La ministre des Affaires étrangères de la République démocratique du Congo, Thérèse Kayikwamba Wagner, a affirmé jeudi à Johannesburg qu’aucun rôle n’était envisagé pour Joseph Kabila dans les efforts en cours pour résoudre la crise sécuritaire qui secoue l’Est du pays.
« Il n’y a pour l’instant aucun rôle prévu, à l’heure où nous parlons, dans les efforts en cours et dans la recherche d’une solution à la crise », a-t-elle déclaré lors d’une conférence de presse en Afrique du Sud.
Si elle ne ferme pas totalement la porte à une présence publique de l’ancien président, elle rappelle que cela relève du fonctionnement normal d’une démocratie.
« Quand on vit dans une démocratie, quand on choisit l’alternance au pouvoir, alors on choisit aussi d’avoir d’anciens présidents. Parfois ils sont plus présents, parfois ils sont actifs. Nous vivons avec cette réalité, tout comme ces anciens présidents doivent vivre avec l’héritage de leurs réussites ou de leurs échecs. »

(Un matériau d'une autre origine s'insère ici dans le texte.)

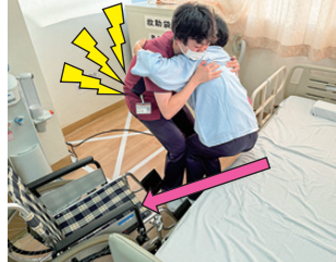
持ち上げて腰を捻る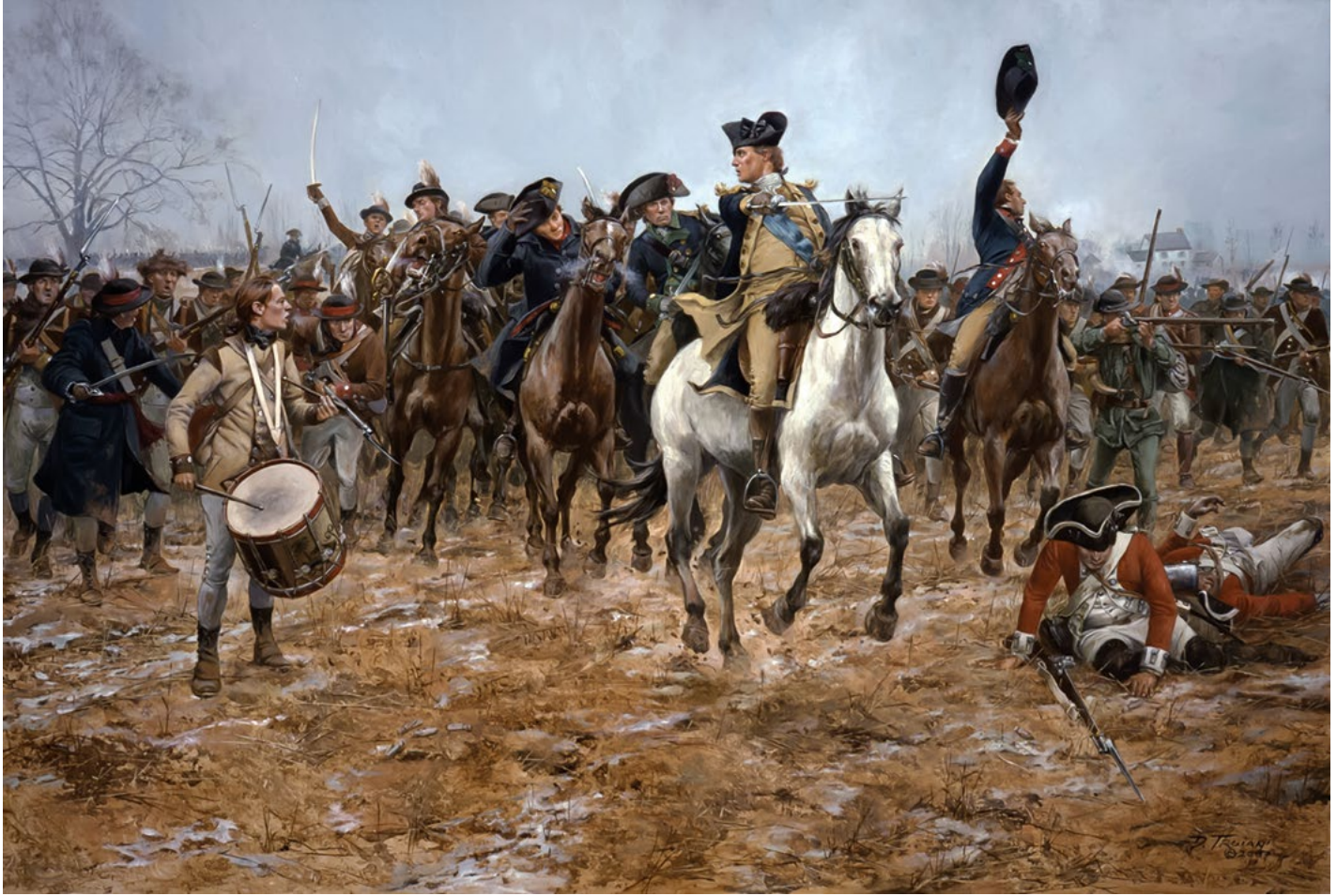
Washington at the Battle of Princeton, 1777 , 2007. Print, 32 ¼ x 25 ¼ in.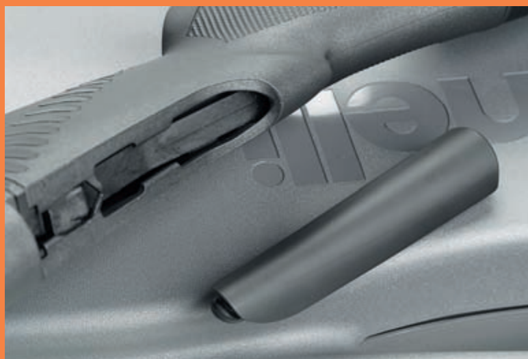
Сменный гребень приклада ружья Comfort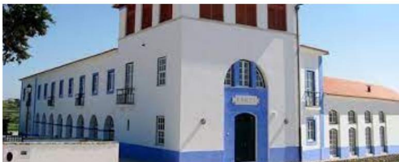
ER do Património - Sintra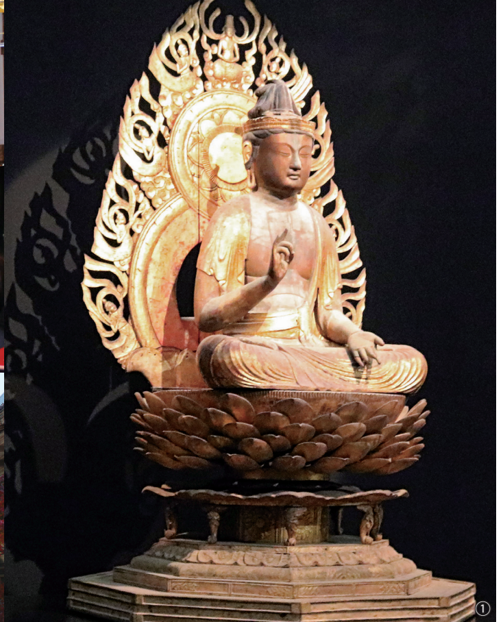
①木造観音菩薩坐像 ②畠山篤雄文化財調査研究員による記念講演 ③観音菩薩坐像が所蔵されている観音堂

Elle souligne toutefois que le seul président en fonction reste Félix Tshisekedi et que la RDC continuera de fonctionner selon ce principe.
Une déclaration en réaction au retour médiatique de Kabila
Ces propos interviennent alors que Joseph Kabila est récemment sorti de son silence. Le 18 mars dernier, depuis Johannesburg, il a rejeté toute implication dans la rébellion du M23, qualifiant les accusations portées contre lui d’« infondées » et exigeant des preuves.

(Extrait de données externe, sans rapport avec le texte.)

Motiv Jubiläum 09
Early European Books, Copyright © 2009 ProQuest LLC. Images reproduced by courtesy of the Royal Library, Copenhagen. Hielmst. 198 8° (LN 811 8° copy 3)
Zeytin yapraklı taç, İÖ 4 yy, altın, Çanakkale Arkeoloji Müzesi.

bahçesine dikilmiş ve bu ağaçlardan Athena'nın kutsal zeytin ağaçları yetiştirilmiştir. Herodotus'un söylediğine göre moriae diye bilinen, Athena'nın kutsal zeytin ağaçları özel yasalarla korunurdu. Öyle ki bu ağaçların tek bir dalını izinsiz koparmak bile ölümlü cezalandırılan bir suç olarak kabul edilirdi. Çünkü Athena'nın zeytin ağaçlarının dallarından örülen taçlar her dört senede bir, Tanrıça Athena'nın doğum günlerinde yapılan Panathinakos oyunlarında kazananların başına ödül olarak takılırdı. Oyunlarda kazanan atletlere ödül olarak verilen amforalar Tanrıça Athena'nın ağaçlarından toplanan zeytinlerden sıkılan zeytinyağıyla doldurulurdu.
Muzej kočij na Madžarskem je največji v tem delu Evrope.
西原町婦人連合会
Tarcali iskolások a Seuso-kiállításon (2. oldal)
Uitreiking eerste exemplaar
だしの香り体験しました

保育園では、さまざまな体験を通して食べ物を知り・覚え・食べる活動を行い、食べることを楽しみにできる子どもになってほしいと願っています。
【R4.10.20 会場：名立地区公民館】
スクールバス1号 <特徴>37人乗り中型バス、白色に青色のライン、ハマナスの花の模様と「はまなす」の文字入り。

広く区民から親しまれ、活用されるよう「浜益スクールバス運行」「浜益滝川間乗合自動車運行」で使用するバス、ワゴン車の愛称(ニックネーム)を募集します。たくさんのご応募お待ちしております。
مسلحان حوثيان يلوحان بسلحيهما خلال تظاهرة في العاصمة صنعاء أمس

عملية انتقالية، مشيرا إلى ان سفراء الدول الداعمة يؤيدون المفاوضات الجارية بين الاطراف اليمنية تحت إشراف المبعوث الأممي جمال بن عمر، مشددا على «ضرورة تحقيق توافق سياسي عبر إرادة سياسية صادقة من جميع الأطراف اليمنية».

L’ancien chef d’État s’exprimait après une rencontre avec Thabo Mbeki, ex-président sud-africain, au siège de la Fondation Mbeki. Il a également plaidé pour une approche « endogène » à la résolution de la crise en RDC, regrettant que « tout le monde parle du Congo, sauf les Congolais » et appelant au dialogue entre le gouvernement, l’opposition, la société civile et les leaders religieux.

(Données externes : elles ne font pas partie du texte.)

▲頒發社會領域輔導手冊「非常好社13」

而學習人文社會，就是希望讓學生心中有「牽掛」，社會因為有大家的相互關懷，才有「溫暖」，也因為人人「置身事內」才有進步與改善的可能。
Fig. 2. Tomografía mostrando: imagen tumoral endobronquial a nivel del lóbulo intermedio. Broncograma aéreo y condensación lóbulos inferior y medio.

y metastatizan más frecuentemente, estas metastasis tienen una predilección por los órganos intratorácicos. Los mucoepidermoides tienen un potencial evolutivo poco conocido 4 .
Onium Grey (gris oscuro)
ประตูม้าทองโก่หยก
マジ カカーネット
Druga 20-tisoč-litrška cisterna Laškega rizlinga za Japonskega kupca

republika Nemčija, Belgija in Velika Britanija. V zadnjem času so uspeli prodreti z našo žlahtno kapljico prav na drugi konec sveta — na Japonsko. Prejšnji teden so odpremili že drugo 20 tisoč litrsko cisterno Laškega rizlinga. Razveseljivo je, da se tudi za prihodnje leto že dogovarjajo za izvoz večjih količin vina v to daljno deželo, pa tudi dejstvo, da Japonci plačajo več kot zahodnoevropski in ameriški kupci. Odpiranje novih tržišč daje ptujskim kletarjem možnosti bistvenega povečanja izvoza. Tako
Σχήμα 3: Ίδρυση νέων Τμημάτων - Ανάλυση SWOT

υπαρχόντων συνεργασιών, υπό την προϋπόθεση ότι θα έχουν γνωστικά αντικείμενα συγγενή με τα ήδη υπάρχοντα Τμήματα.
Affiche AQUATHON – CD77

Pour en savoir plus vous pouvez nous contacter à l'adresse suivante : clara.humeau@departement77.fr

Un climat politique tendu à Kinshasa
Le retour médiatique de Joseph Kabila intervient alors que Félix Tshisekedi a annoncé la formation d’un gouvernement d’union nationale, une initiative qui divise la classe politique.
Le PPRD, parti de Kabila, se montre sceptique, estimant que ce type de coalition n’a jamais permis de résoudre durablement les crises congolaises. D’autres partis d’opposition partagent cette réserve, tandis que certaines figures politiques, comme Adolphe Muzito ou Yves Mpunga, ont exprimé leur soutien à la démarche présidentielle.
Dans ce contexte, la prise de position de Thérèse Kayikwamba Wagner marque une volonté claire du gouvernement en place : garder le cap sur ses propres stratégies sans accorder de rôle à l’ancien président dans la gestion de la crise sécuritaire à l’Est.